There is still one small problem with this solution: It also sorts the permutation array. We need this, to know when a position is already occupied by it's final element. In our algorithm this is represented by the fact, that the permutation is equal to it's index at that point. But really, it would be nice if we could mark the index without losing the order of the permutation. But that is not hard either - because every index is non-negative, we can simply negate every index we are done with. This will make a negative index out of it and we can check for that if we encounter it later and skip it in this case. After we are done, we only need to take care to flip everything back and all should be fine:

func NDCycles(vals, perm []int) {
for i := 0; i < len(vals); i++ {
if perm[i] < 0 {
// already correct - unmark and go on
// (note that ^a is the bitwise negation
perm[i] = ^perm[i]
continue
}

v, j := vals[i], perm[i]
for j != i {
vals[j], v = v, vals[j]
// When we find this element in the future, we must not swap it any
// further, so we mark it here
perm[j], j = ^perm[j], perm[j]
}
vals[i] = v
}
}


Here we only mark the elements we will again encounter in the future. The current index will always be unmarked, once we are done with the outer loop.

I am aware, that this is technically cheating; This solution relies on the fact, that the upper-most bit of the permutation elements won't ever be set. Thus, we actually do have O(n) auxiliary space (as in n bit), because these bits are not necessary for the algorithm. However, since it is pretty unlikely, that we will find an architecture where this is not possible (and go guarantees us that it actually is, because len(vals) is always signed, so we cant have arrays that are big enough for the msb being set anyway), I think I am okay with it ;)

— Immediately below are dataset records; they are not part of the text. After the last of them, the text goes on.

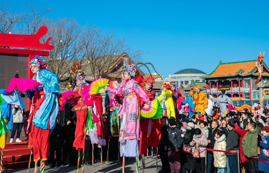 2024年2月15日,民間藝人在呼和浩特新春文化廟會(huì)現(xiàn)場(chǎng)進(jìn)行踩高蹺表演。丁根厚 攝
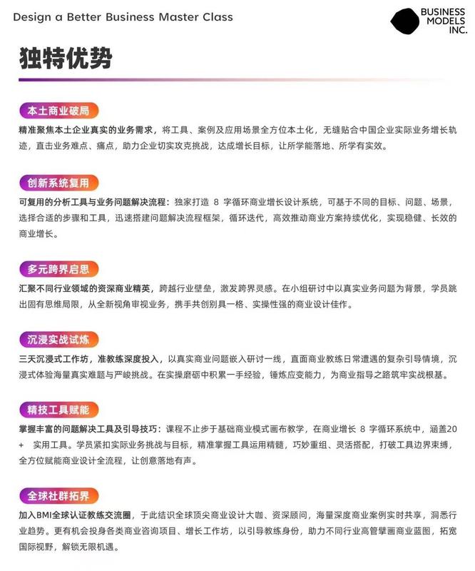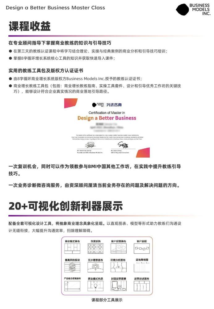 ● Design a Better Business Master Class设计一门好生意大师班认证教练有机会参与BMI中国项目策划及交付;
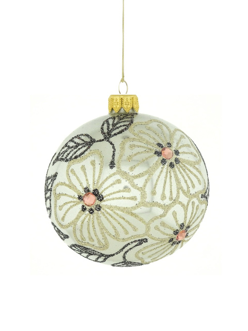 A set of 6 glass Christmas baubles with a floral motif
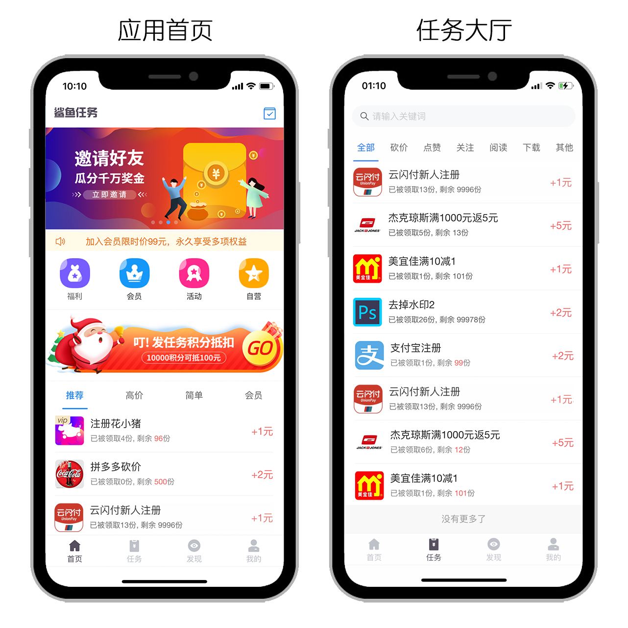 鲨鱼任务悬赏系统有H5、小程序、安卓、苹果4个端, 共用同一套后台,数据互通。每个端3888元,多买多优惠。本程序是我们自主开发,不依赖第三方系统,已申请软件著作权。

I ran sum Benchmarks on this an these are the figures I came up with:

n Naive NDCycle NDSort
10 332 ns 130 ns 1499 ns
100 883 ns 1019 ns 27187 ns
1000 15046 ns 17978 ns 473078 ns
10000 81800 ns 242121 ns 4659433 ns

I did not measure space-use. The time of NDCycle for 10000 elements seems suspicious - while it is not surprising, that in general it takes more time than the naive approach, due to it's complexity, this jump is unexpected. Maybe if I have the time I will investigate this and also measure memory use. In the meantime, I uploaded all the code used here, so you can try it out yourself. You can run it with go run perm.go and run the benchmarks with go test -bench Benchmark.*.